**WHAT TO PRODUCE**
Please output the records below word for word and omit the pictures.

-------- DATA FOR THIS EXERCISE --------

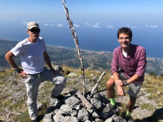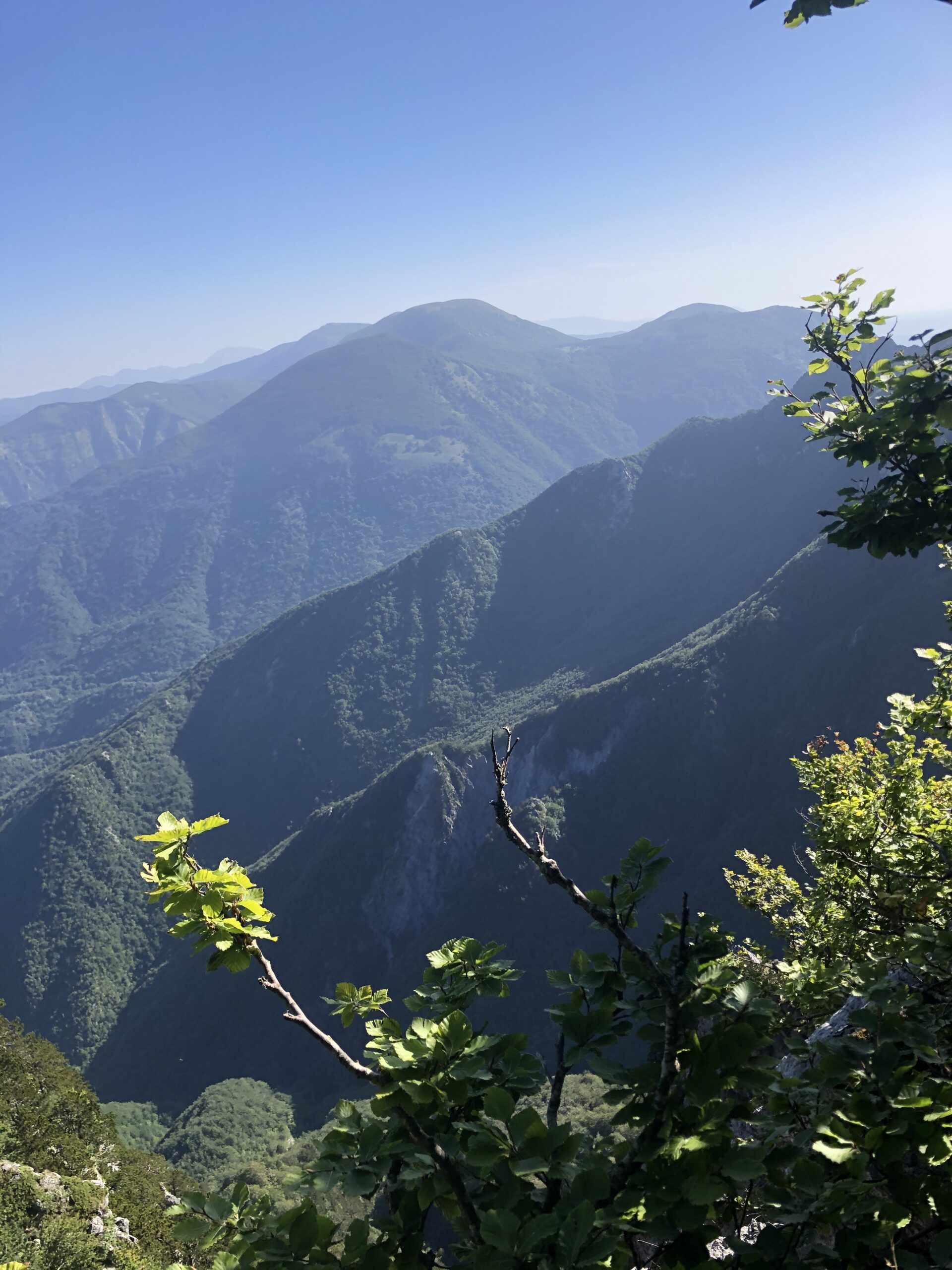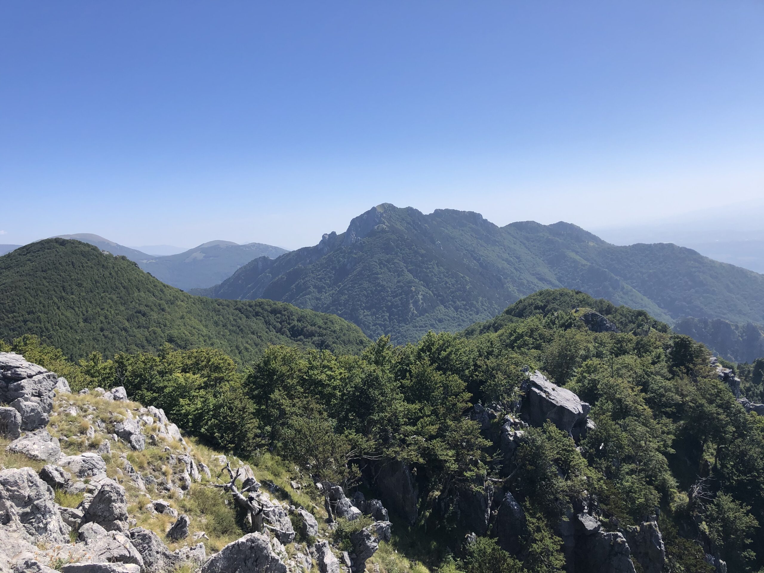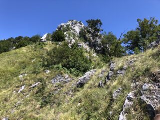 Primo terzo di salita grande ravanata tra rovi assassini e tracce si sentiero cinghialesche. Nessun bollo, nessun segno, si procede a senso su tratti anche ripidi. I bastoncini servono oltre che per aiutarsi per aprirsi i varchi tra le spine. Cima del Frattina aperta con ometto di vetta, Petrecella invece tra gli alberi (zero vista). Progressione più semplice e confortevole fino al Caccia tranne l’ultimissima parte. In vetta resti di croce e vista stupenda. Discesa fino al rifugio ripida e a tratti su erba scivolosa da fare attenzione.
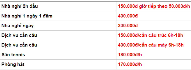 Khu nhà nghỉ dưỡng : 26 phòng nghỉ được trang thiết bị đầy đủ tiện nghi.
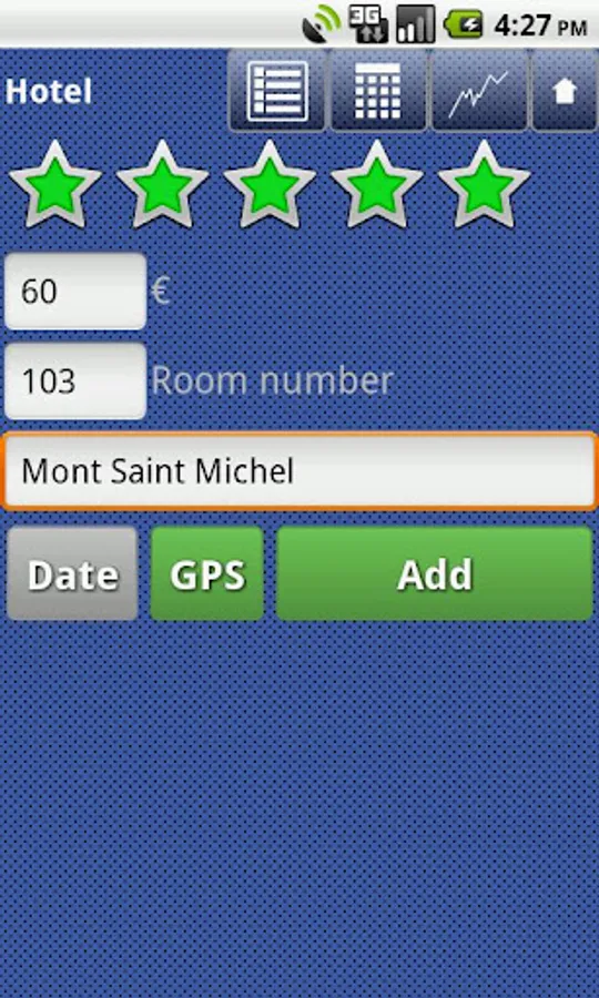 You'd like to remember restaurants, price (1 number), name (text), position (gps), your judgment (stars)
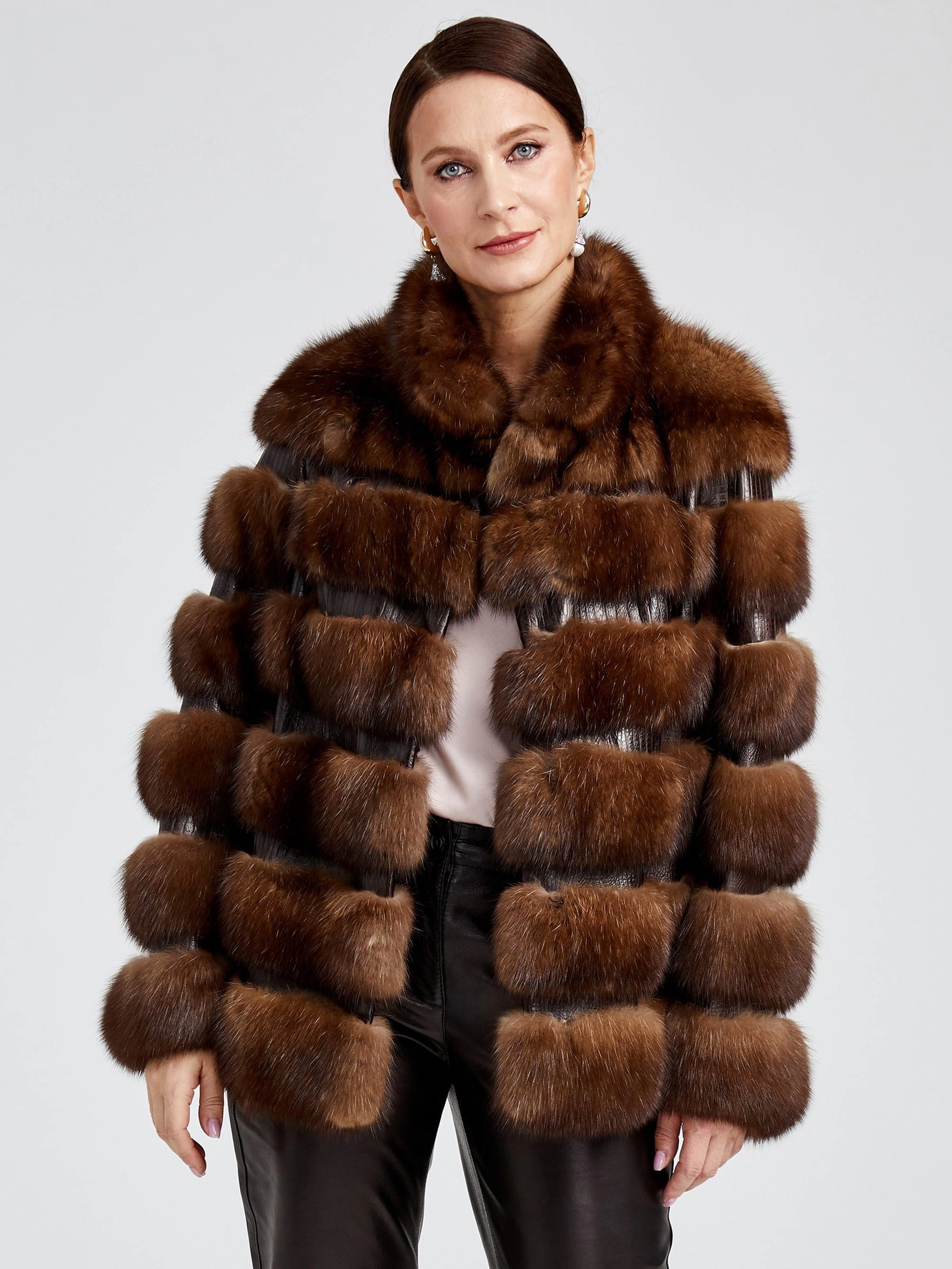 Товар зимний комплект женский: шуба из меха соболя с-2 ребекка + брюки 02, коричневый/черный, р. 44, арт. 111317.
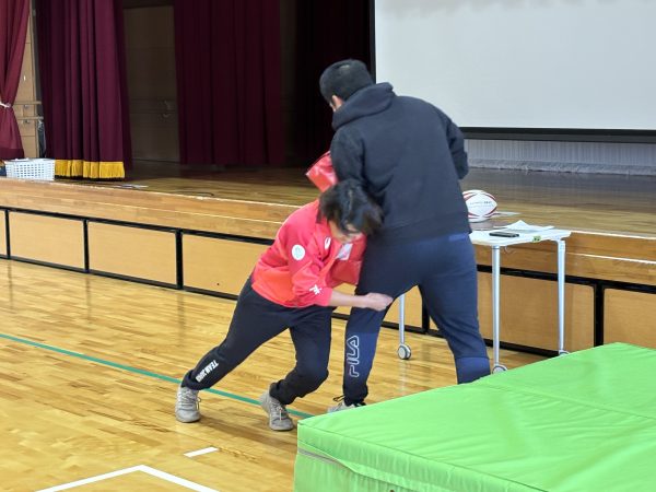 続いて実際に中村選手がタックルをする実演や、生徒が中村選手にタックルをするデモンストレーションを経て、リフトやパス&トライ、タックル、キックなどラグビーの動きをグループごとに体験しました。変則的に動くボールに苦戦したり、リフトで高く持ち上げられることに躊躇したりする生徒もいましたが、実際に経験すると、自然と全員が笑顔になっていました。
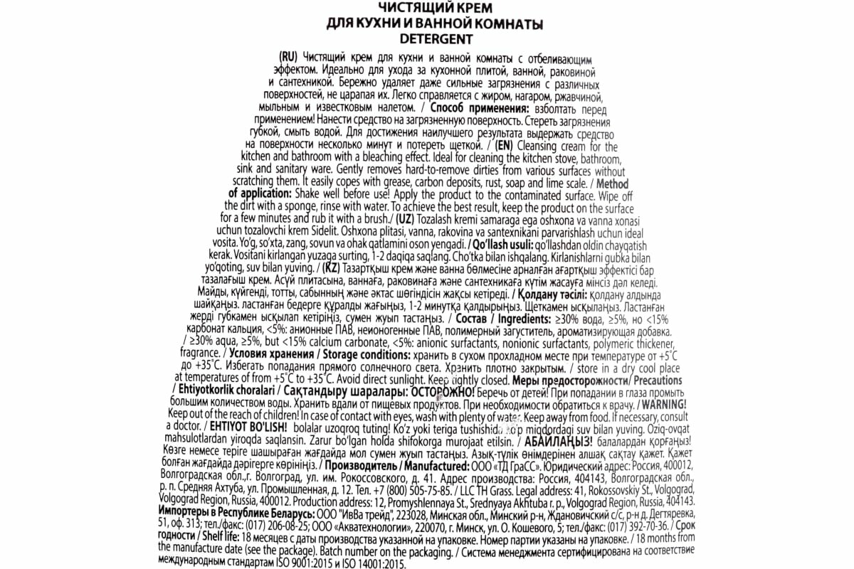 Купить Крем чистящий универсальный для ванной и кухни 500 мл, GRASS AZELIT, отбеливающий, 125759
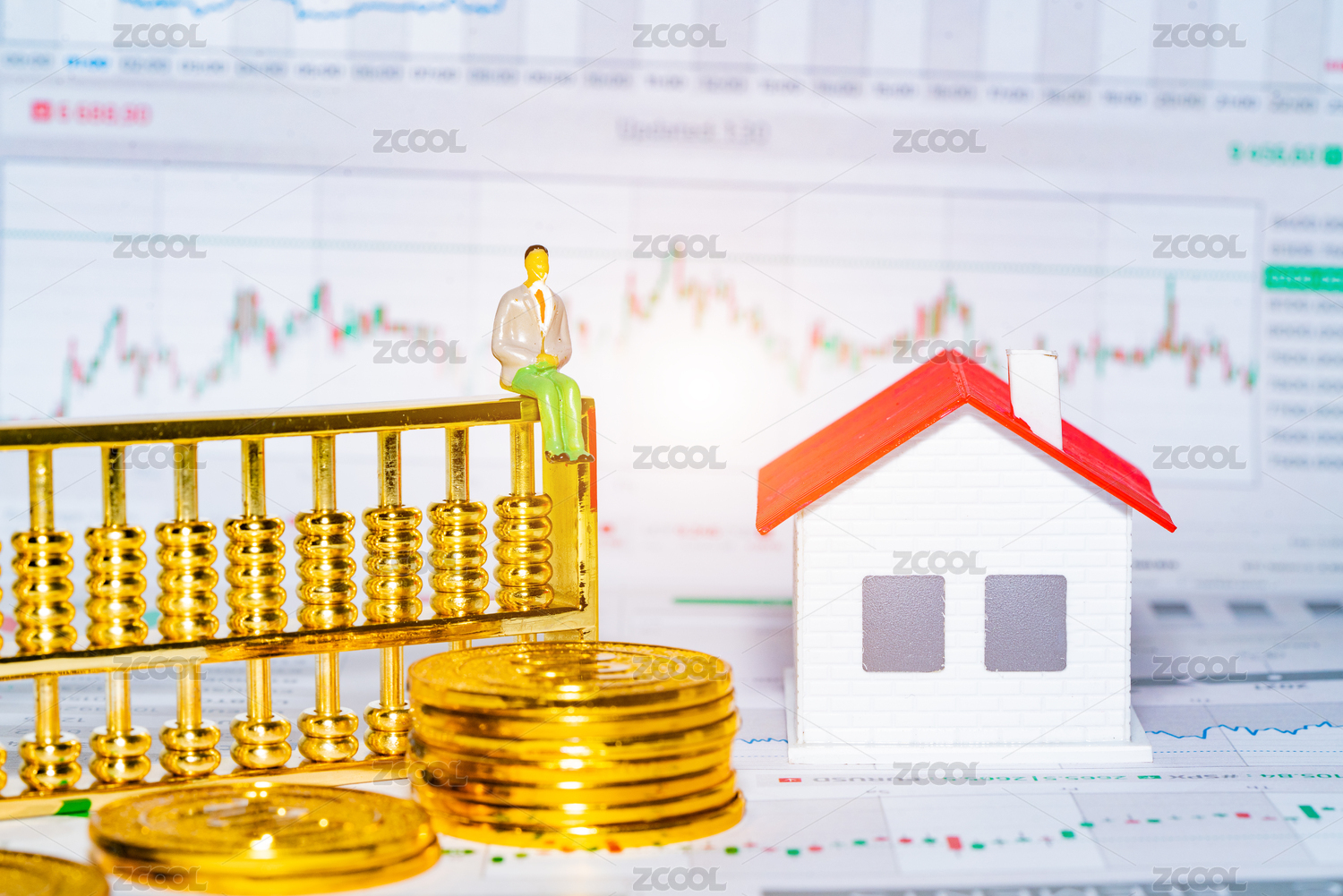房屋房子金幣房價房地產行情小人國微距圖表報表概念
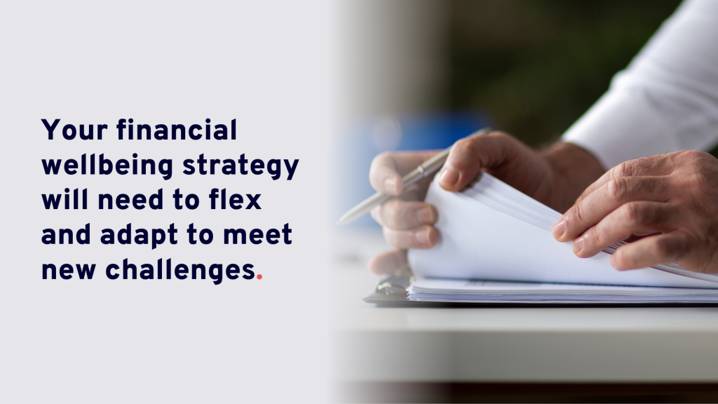 An employee financial wellbeing strategy is not a one-and-done process. As the business, employees, and the economy itself continue to change, your financial wellbeing strategy will need to flex and adapt to meet new challenges.
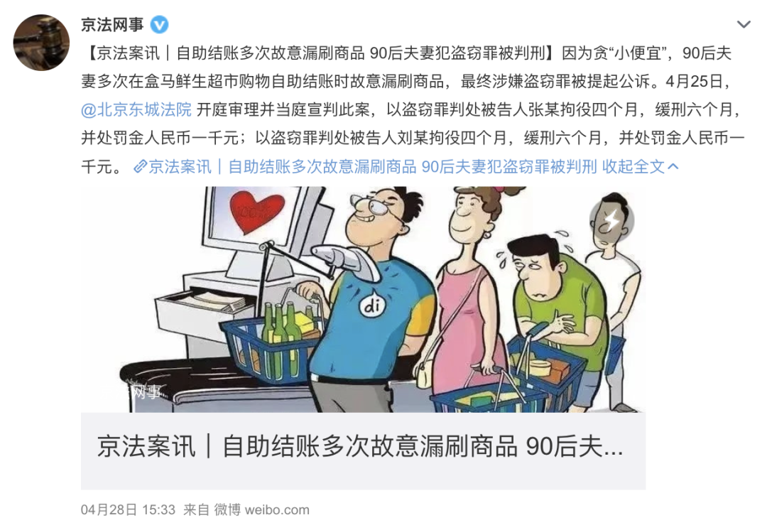 2022年4月,因贪“小便宜”,90后夫妻多次在盒马鲜生超市购物自助结账时故意漏刷商品,最终涉嫌盗窃罪被提起公诉。
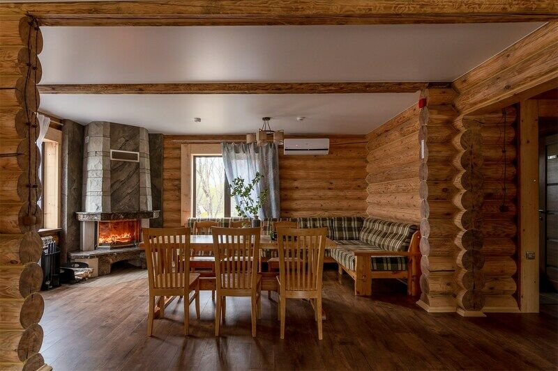 Уютный дом для большой семьи или компании. В доме две спальни и просторная гостиная с террасой, в одной спальне двухместная кровать, во второй — две одноместные. В коттедже есть все необходимое для комфортного отдыха.
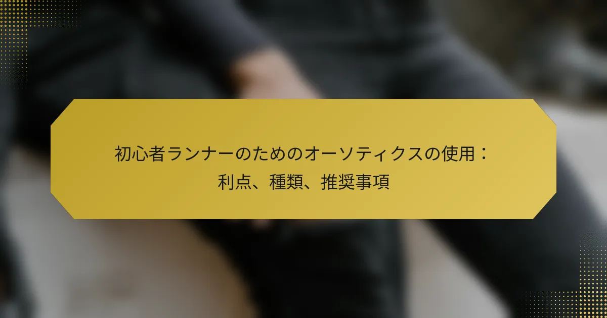 オーソティクスは、足をサポートし整列させるために設計された特別な靴のインサートであり、特に初心者ランナーにとって有益です。足のメカニクスに対処することで、オーソティクスは快適さを向上させ、パフォーマンスを改善し、怪我を予防するのに役立ちます。カスタムオプションまたは市販のオプションのいずれかを選択する際には、足の形状やランニング習慣に基づいて適切なオーソティクスを選ぶことが、成功するランニング体験にとって重要です。
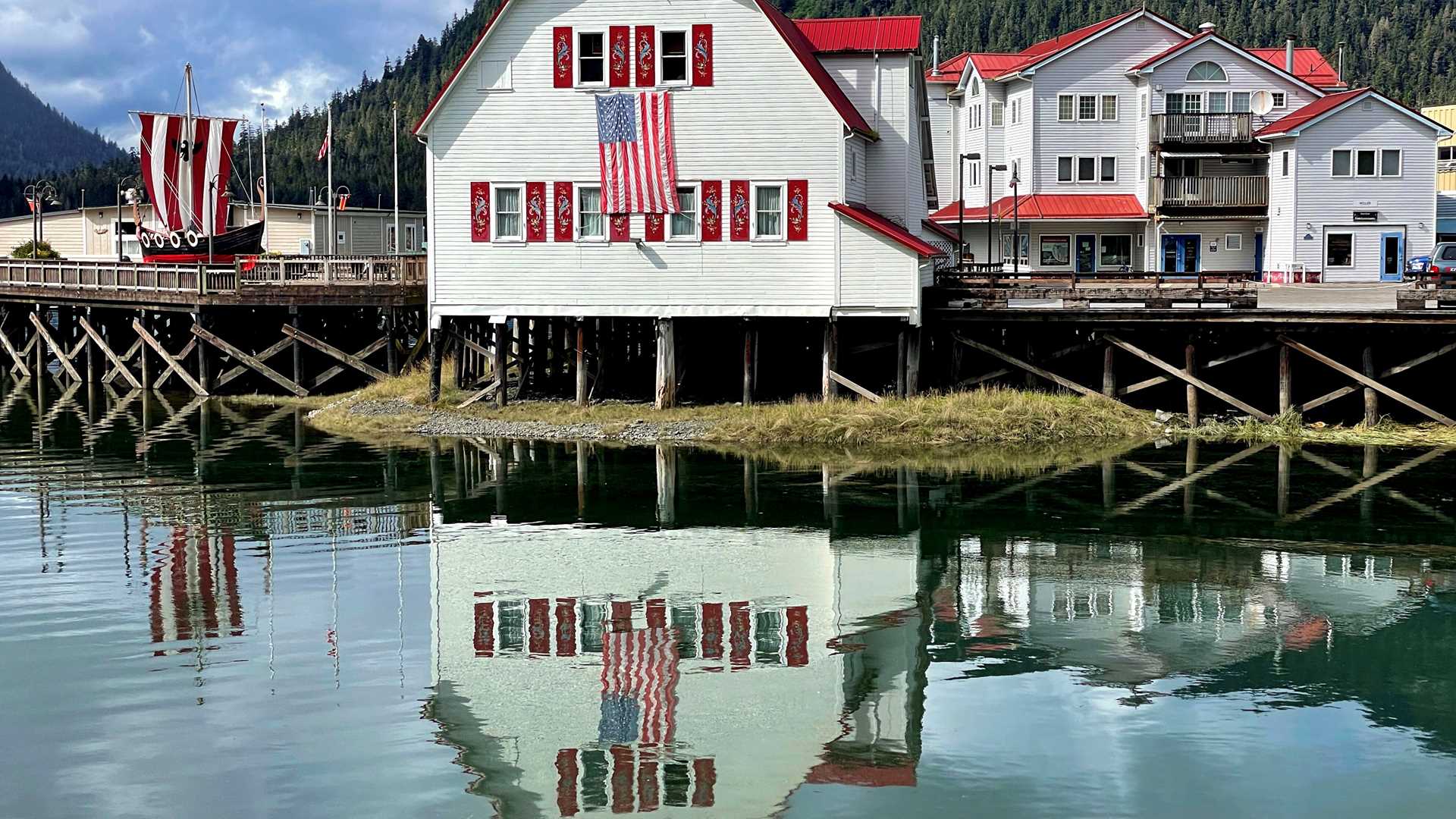 Petersburg is nestled between the ocean and the steep Coastal Mountain Range, which also creates the border with neighboring Canada. About 3,000 people call Petersburg home. Many of them are of Norwegian descent thanks to town founder, Peter Buschmann, a Norwegian businessman who established the commercial fishing and canning industry in the area in 1898. Around town, brightly painted homes extend out over the harbors on stilts, and Norwegian flags fly alongside the stars and stripes. If it weren’t for the Indigenous Alaskan totem poles, one might think they were transported to the fjords of Norway!
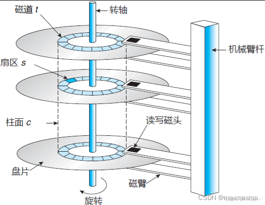 柱面:所有盘片上相同半径位置的磁道组成一个柱面。想象一下,多个盘片的同一个磁道上下对齐,形成一个圆柱面。磁头臂移动时,所有磁头是一起移动的。因此,访问同一柱面上的不同磁道(即不同盘片)不需要移动磁头臂,速度最快。
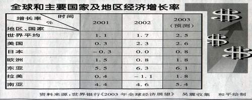 世行高級(jí)副行長(zhǎng)首席經(jīng)濟(jì)學(xué)家斯特恩在接受光明日?qǐng)?bào)記者專訪時(shí),對(duì)世界經(jīng)濟(jì)今年的特點(diǎn)進(jìn)行了具體分析。斯特恩說(shuō),“今年世界經(jīng)濟(jì)增長(zhǎng)率比人們年初的預(yù)期要低0.25%。世界經(jīng)濟(jì)今年的一大特點(diǎn)是美國(guó)、日本和歐元區(qū)的經(jīng)濟(jì)增長(zhǎng)同步放慢。具體分析起來(lái),他們衰退的原因既有相似的地方,也有不同之處。”

--------

**EXERCISE RESULT**
 Primo terzo di salita grande ravanata tra rovi assassini e tracce si sentiero cinghialesche. Nessun bollo, nessun segno, si procede a senso su tratti anche ripidi. I bastoncini servono oltre che per aiutarsi per aprirsi i varchi tra le spine. Cima del Frattina aperta con ometto di vetta, Petrecella invece tra gli alberi (zero vista). Progressione più semplice e confortevole fino al Caccia tranne l’ultimissima parte. In vetta resti di croce e vista stupenda. Discesa fino al rifugio ripida e a tratti su erba scivolosa da fare attenzione.
 Khu nhà nghỉ dưỡng : 26 phòng nghỉ được trang thiết bị đầy đủ tiện nghi.
 You'd like to remember restaurants, price (1 number), name (text), position (gps), your judgment (stars)
 Товар зимний комплект женский: шуба из меха соболя с-2 ребекка + брюки 02, коричневый/черный, р. 44, арт. 111317.
 続いて実際に中村選手がタックルをする実演や、生徒が中村選手にタックルをするデモンストレーションを経て、リフトやパス&トライ、タックル、キックなどラグビーの動きをグループごとに体験しました。変則的に動くボールに苦戦したり、リフトで高く持ち上げられることに躊躇したりする生徒もいましたが、実際に経験すると、自然と全員が笑顔になっていました。
 Купить Крем чистящий универсальный для ванной и кухни 500 мл, GRASS AZELIT, отбеливающий, 125759
房屋房子金幣房價房地產行情小人國微距圖表報表概念
 An employee financial wellbeing strategy is not a one-and-done process. As the business, employees, and the economy itself continue to change, your financial wellbeing strategy will need to flex and adapt to meet new challenges.
 2022年4月,因贪“小便宜”,90后夫妻多次在盒马鲜生超市购物自助结账时故意漏刷商品,最终涉嫌盗窃罪被提起公诉。
 Уютный дом для большой семьи или компании. В доме две спальни и просторная гостиная с террасой, в одной спальне двухместная кровать, во второй — две одноместные. В коттедже есть все необходимое для комфортного отдыха.
 オーソティクスは、足をサポートし整列させるために設計された特別な靴のインサートであり、特に初心者ランナーにとって有益です。足のメカニクスに対処することで、オーソティクスは快適さを向上させ、パフォーマンスを改善し、怪我を予防するのに役立ちます。カスタムオプションまたは市販のオプションのいずれかを選択する際には、足の形状やランニング習慣に基づいて適切なオーソティクスを選ぶことが、成功するランニング体験にとって重要です。
 Petersburg is nestled between the ocean and the steep Coastal Mountain Range, which also creates the border with neighboring Canada. About 3,000 people call Petersburg home. Many of them are of Norwegian descent thanks to town founder, Peter Buschmann, a Norwegian businessman who established the commercial fishing and canning industry in the area in 1898. Around town, brightly painted homes extend out over the harbors on stilts, and Norwegian flags fly alongside the stars and stripes. If it weren’t for the Indigenous Alaskan totem poles, one might think they were transported to the fjords of Norway!
 柱面:所有盘片上相同半径位置的磁道组成一个柱面。想象一下,多个盘片的同一个磁道上下对齐,形成一个圆柱面。磁头臂移动时,所有磁头是一起移动的。因此,访问同一柱面上的不同磁道(即不同盘片)不需要移动磁头臂,速度最快。
 世行高級(jí)副行長(zhǎng)首席經(jīng)濟(jì)學(xué)家斯特恩在接受光明日?qǐng)?bào)記者專訪時(shí),對(duì)世界經(jīng)濟(jì)今年的特點(diǎn)進(jìn)行了具體分析。斯特恩說(shuō),“今年世界經(jīng)濟(jì)增長(zhǎng)率比人們年初的預(yù)期要低0.25%。世界經(jīng)濟(jì)今年的一大特點(diǎn)是美國(guó)、日本和歐元區(qū)的經(jīng)濟(jì)增長(zhǎng)同步放慢。具體分析起來(lái),他們衰退的原因既有相似的地方,也有不同之處。”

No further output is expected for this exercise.